Via Kees Cook (and sorry for the reiteration for people following along Planet Debian, thanks to Caspar Clemens: Recent (>= 5.1) versions of OpenSSH (found at least in Debian Lenny and Ubuntu Intrepid), have the VisualHostKey option. What does it do?

$ ssh -o VisualHostKey=yes 172.16.10.1
Host key fingerprint is db:7a:d8:a8:2e:41:a2:e5:51:e1:7f:d0:73:bd:85:bf
+--[ RSA 2048]----+
|    ..           |
|   ..  .   . .   |
|   .. . o . o .  |
|  + .. . o   +   |
| + +  . S   . .  |
|. . .  . o     . |
|     .  .+.   E  |
|    .   o.o      |
|     oo...       |
+-----------------+

Linux respaldos.local.iiec 2.6.26-1-vserver-amd64 #1 SMP Wed Oct 1 13:08:10 UTC 2008 x86_64

What does this mean? This ASCII-art graph represents your host’s public key, which uniquely identifies (or at least, it better damn should uniquely identify!) it. This representation was added mainly because it is way easier to be able to visually record the shape of your most frequently used hosts’ IDs than their fingerprint.

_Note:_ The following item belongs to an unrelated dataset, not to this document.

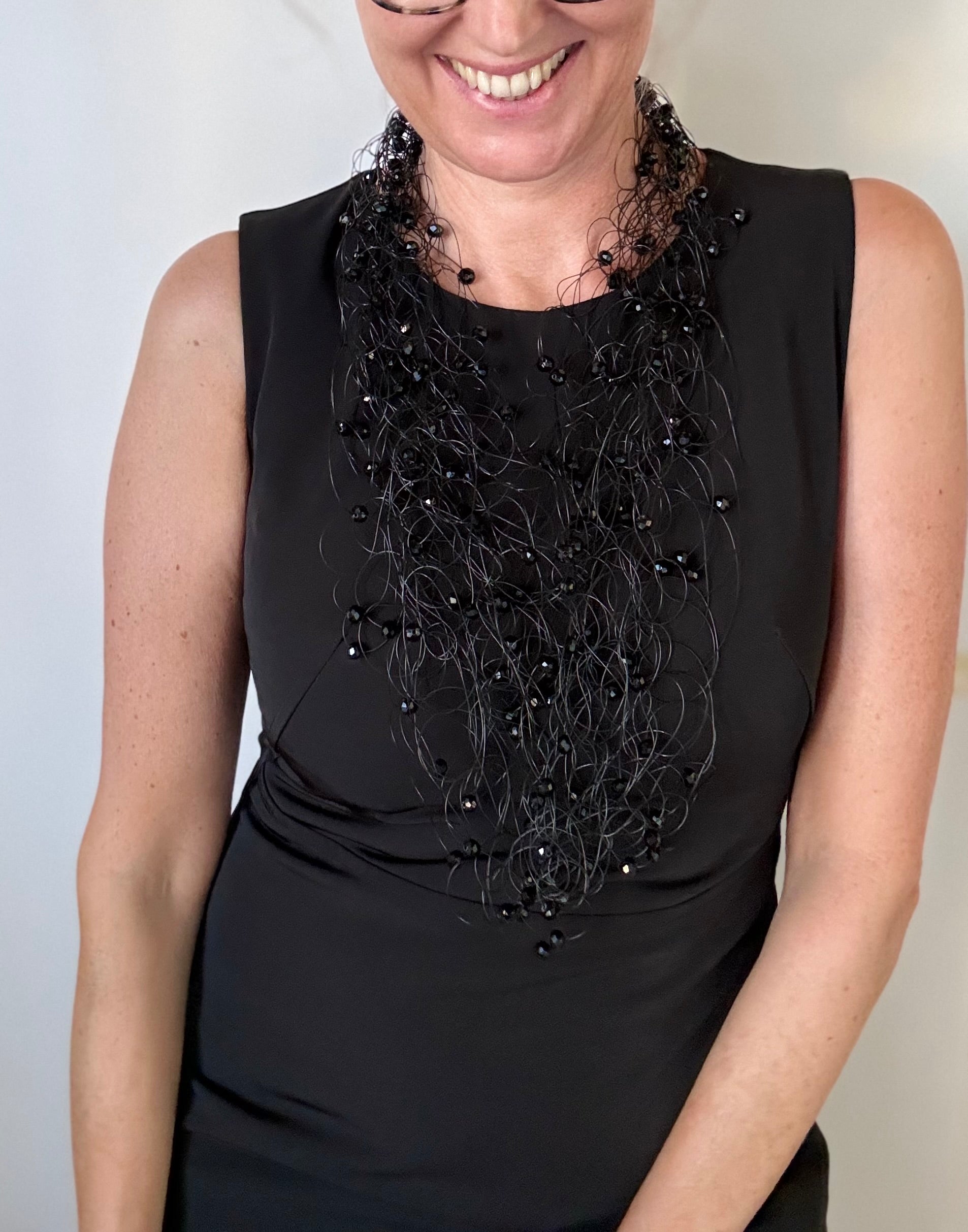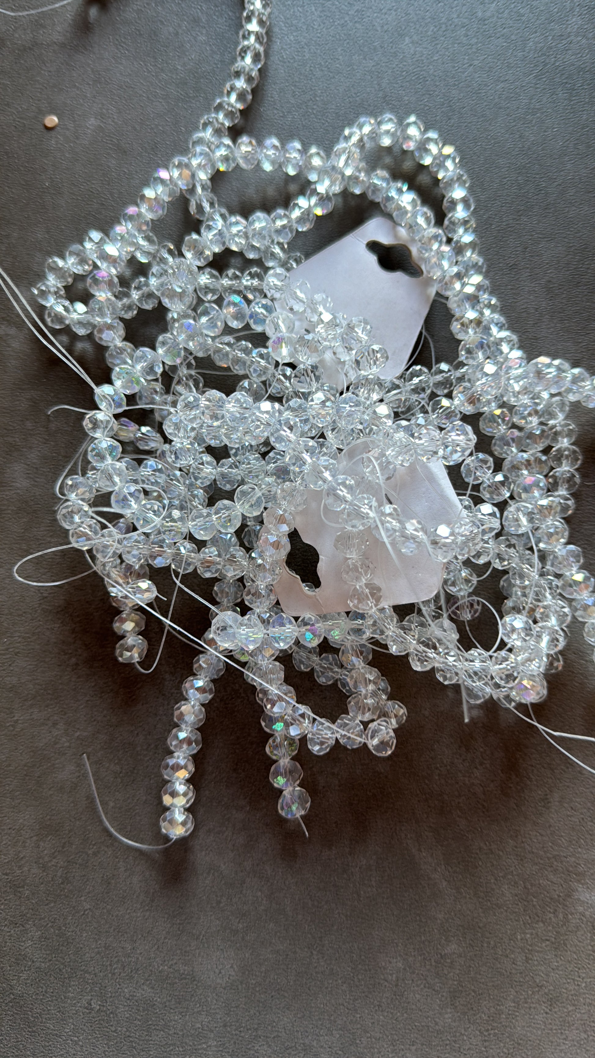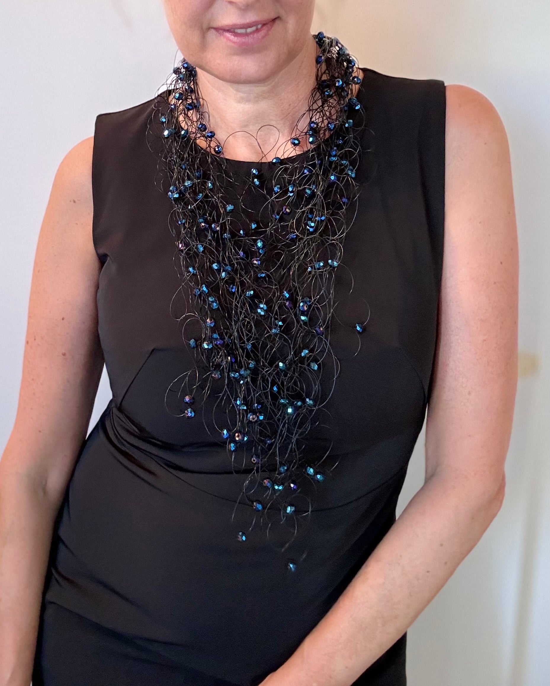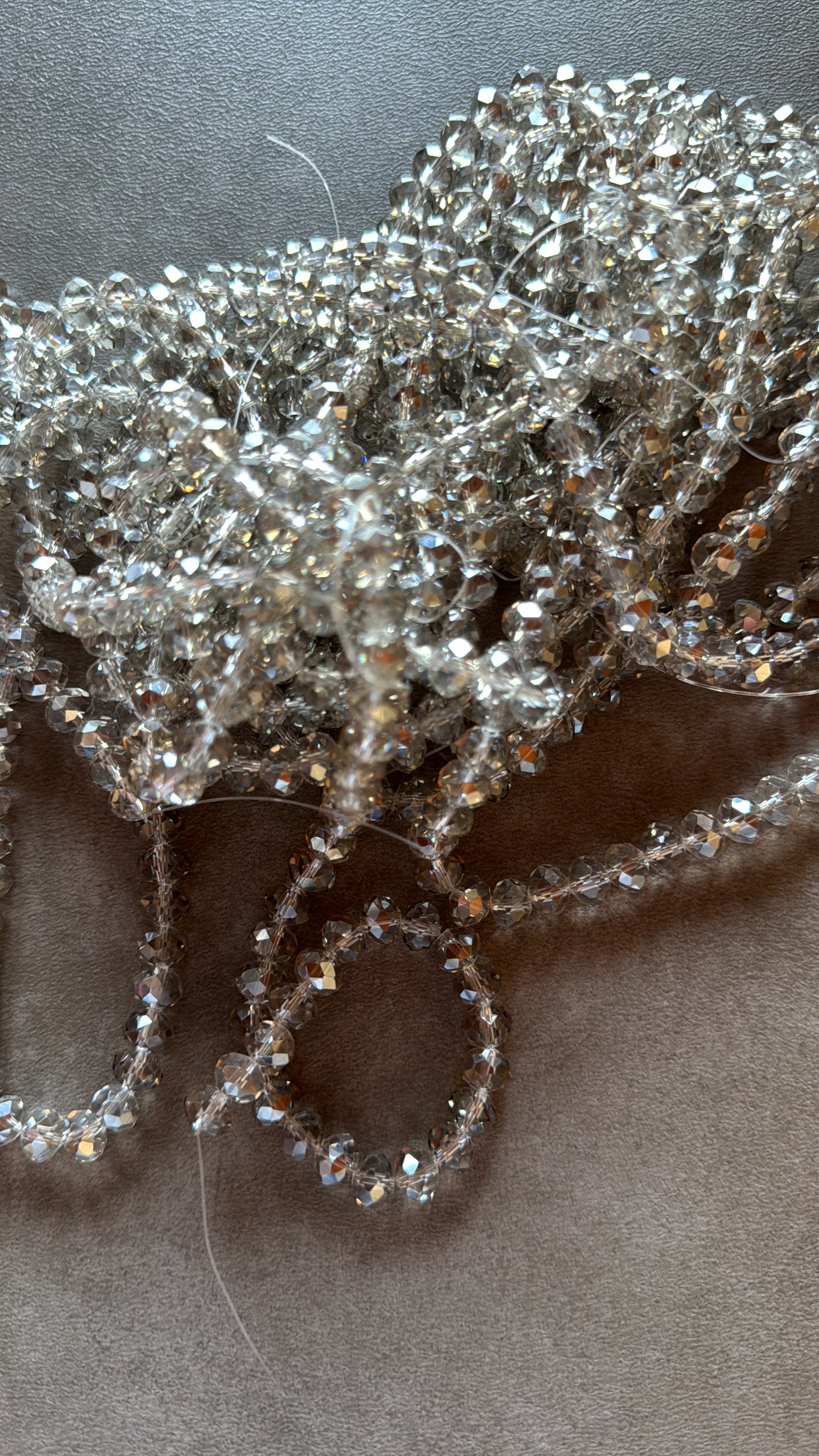 Immaginatevi una collana lunga e leggerissima, composta da fili di nylon e cristalli come gocce di rugiada catturano la luce e la riflettono in una danza incantevole.

If you connect from a foreign or untrusted machine (i.e. one that does not yet know your host’s identity), make sure to run with this switch - it will protect you from somebody supplanting your server’s identity. Besides, it adds to the general kewlness factor, doesn’t it? ;-) To enable this behaviour by default, add the following to your /etc/ssh/ssh_config (or to your personal .ssh/config):

Host * 
  VisualHostKey yes

Now… What about publishing the list of the 32767 known-bad SSH keys? That’d make for a nice ASCII-art exhibit :-}

Comments

Anonymous 2008-11-03 09:51:25

But where is the “@”?

But where is the “@”?


gwolf 2008-11-03 14:12:16

Not everything in life…

is a nethack game!


Joachim Breitner 2008-10-31 01:59:29

Strictly speaking…

„If you connect from a foreign or untrusted machine…“ – if the machine you connect from is untrusted, then it does not add much theoretical security (as the ssh binary could be modified). Correct would be „if you connect from a trusted machine on an untrusted network to your server for the first time…“. But practically, of course you are right.

BTW, your ASCII captcha is broken here (no mono font, or no fallback in the font specification).